The continue, break, and pass commands are used to control the flow of code execution in loops. Here is a description of their usage:

Operator Description
break Exits a for/while loop.
continue Skips the remaining loop block and begins the next iteration.
pass No action; code contiues on

The break statement is useful when you want to completely stop a loop early. Here is our sum loop rewritten with a break statement added to stop the loop after 1000 iterations.

term = 1  # Load the first term in the sum
s = term  # Initialize the sum
n = 1     # Set a counter
while term > 1e-10:  # Loop while term is bigger than 1e-10
    n +=  1        #Add 1 to n so that it will count: 2,3,4,5
    term = 1./n**2    # Calculate the next term to add
    s += term     # Add 1/n^2 to the running total
    if n > 1000:
        print('This is taking too long. I''m outta here...')
        break
This is taking too long. Im outta here...

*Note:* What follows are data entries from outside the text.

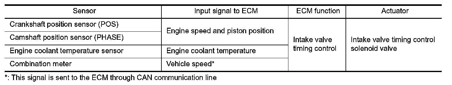 The ECM receives signals such as crankshaft position, camshaft position, engine speed, and engine coolant temperature. Then, the ECM sends ON/OFF pulse duty signals to the intake valve timing (IVT) control solenoid valve depending on driving status. This makes it possible to control the shut/open timing of the intake valve to increase engine torque in low/mid speed range and output in high-speed range.
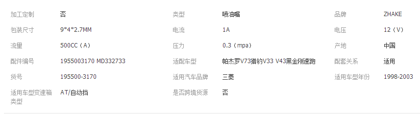 本网页所展示的有关【三菱帕杰罗V73V75猎豹V33黑金刚速跑喷油嘴195500-3170MD332733_挖掘机喷油嘴_广州摩纹尼汽车配件有限公司 】的信息/图片/参数等由全球零部件网的会员【广州摩纹尼汽车配件有限公司 】提供,由全球零部件网会员【广州摩纹尼汽车配件有限公司 】自行对信息/图片/参数等的真实性、准确性和合法性负责,本平台(本网站)仅提供展示服务,请谨慎交易,因交易而产生的法律关系及法律纠纷由您自行协商解决,本平台(本网站)对此不承担任何责任。您在本网页可以浏览【三菱帕杰罗V73V75猎豹V33黑金刚速跑喷油嘴195500-3170MD332733_挖掘机喷油嘴_广州摩纹尼汽车配件有限公司 】有关的信息/图片/价格等及提供【三菱帕杰罗V73V75猎豹V33黑金刚速跑喷油嘴195500-3170MD332733_挖掘机喷油嘴_广州摩纹尼汽车配件有限公司 】的商家公司简介、江南(中国)等信息。
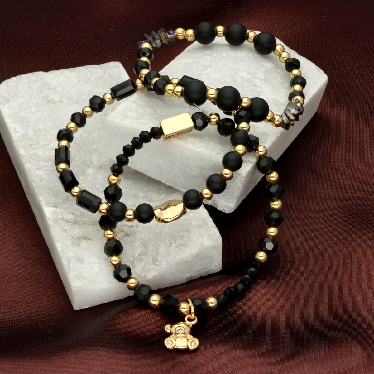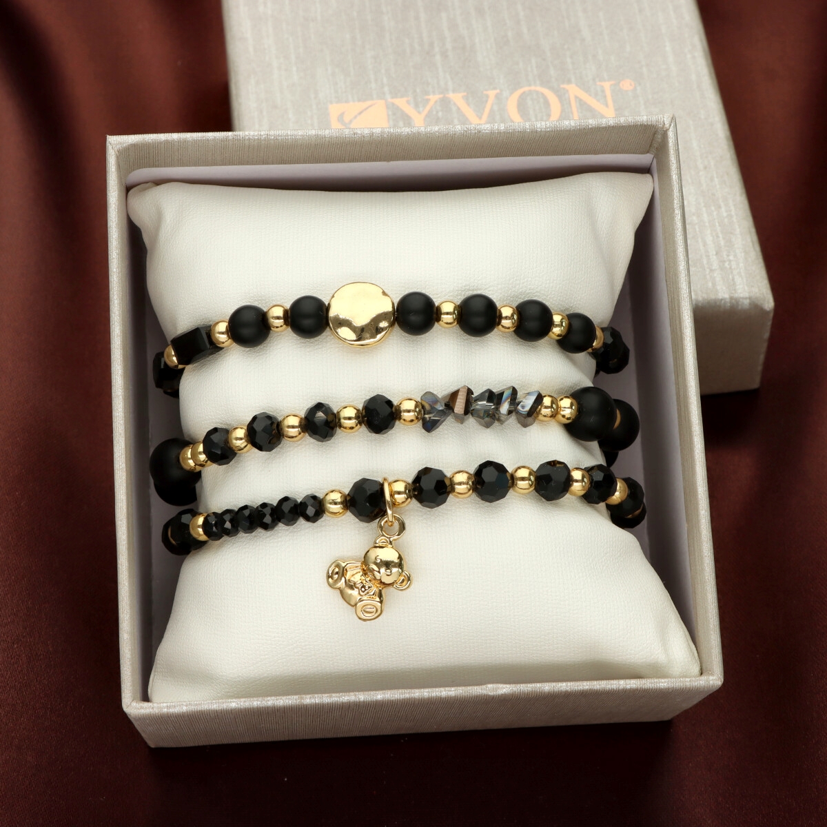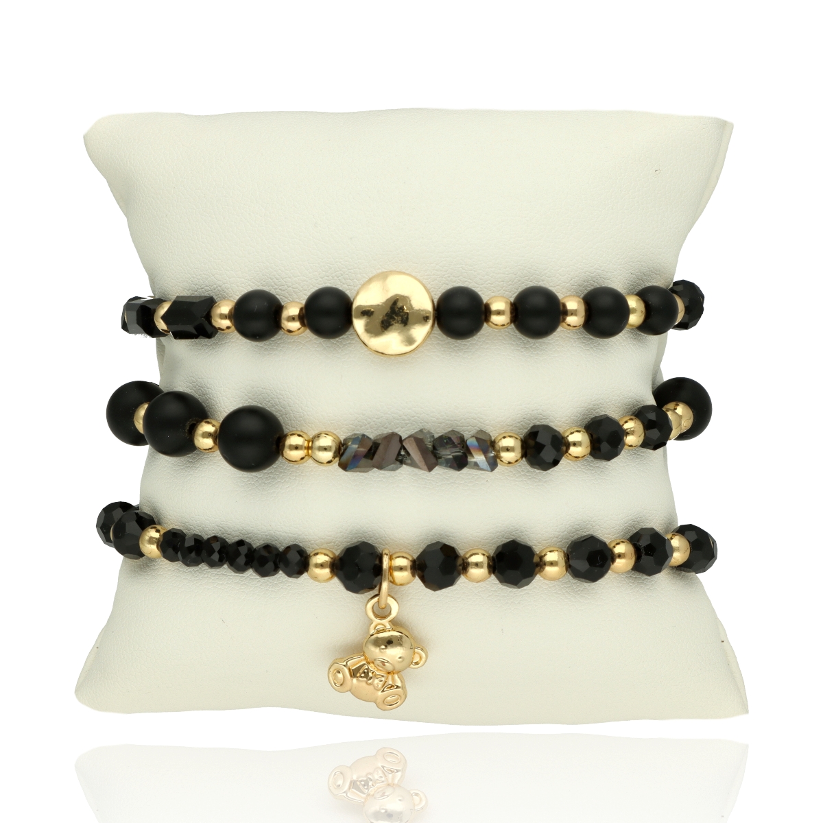 Zestaw trzech bransoletek z KAMIENIAMI NATURALNYMI (AGAT), który łączy w sobie klasyczną elegancję i najwyższą jakość wykonania. Każdy element został starannie dobrany – od antyalergicznego mosiądzu, przez elementy z kamieni, aż po misternie fasetowane koraliki z kryształu górskiego. Subtelne połączenie tych materiałów tworzy niepowtarzalny, ponadczasowy dodatek. Bransoletki zapakowane są w eleganckie pudełeczko z miękką poduszeczką, co sprawia, że zestaw doskonale nadaje się na prezent.

The continue statement is similar to break except that instead of stopping the loop, it only stops the current iteration of the loop. All code below the continue statement will be skipped and the next iteration will begin. For example, if you wanted to do the sum from equation ?? but only include those terms for which n is a multiple of 3, it could be done like this:

term = 1  # Load the first term in the sum
s = term  # Initialize the sum
n = 1     # Set a counter
while term > 1e-10:  # Loop while term is bigger than 1e-10
    n +=  1        #Add 1 to n so that it will count: 2,3,4,5
    if n % 3 != 0:
        continue
    term = 1./n**2    # Calculate the next term to add
    s += term     # Add 1/n^2 to the running total

Now, when the value of n is not a multiple of 3, the sum will not be updated and the associated terms are effectively skipped.

Finally, the pass statement does nothing. Seriously!! It is merely a place holder for code that has not bee written yet. Usually, you’ll use the pass statement to run and test code without errors due to missing code.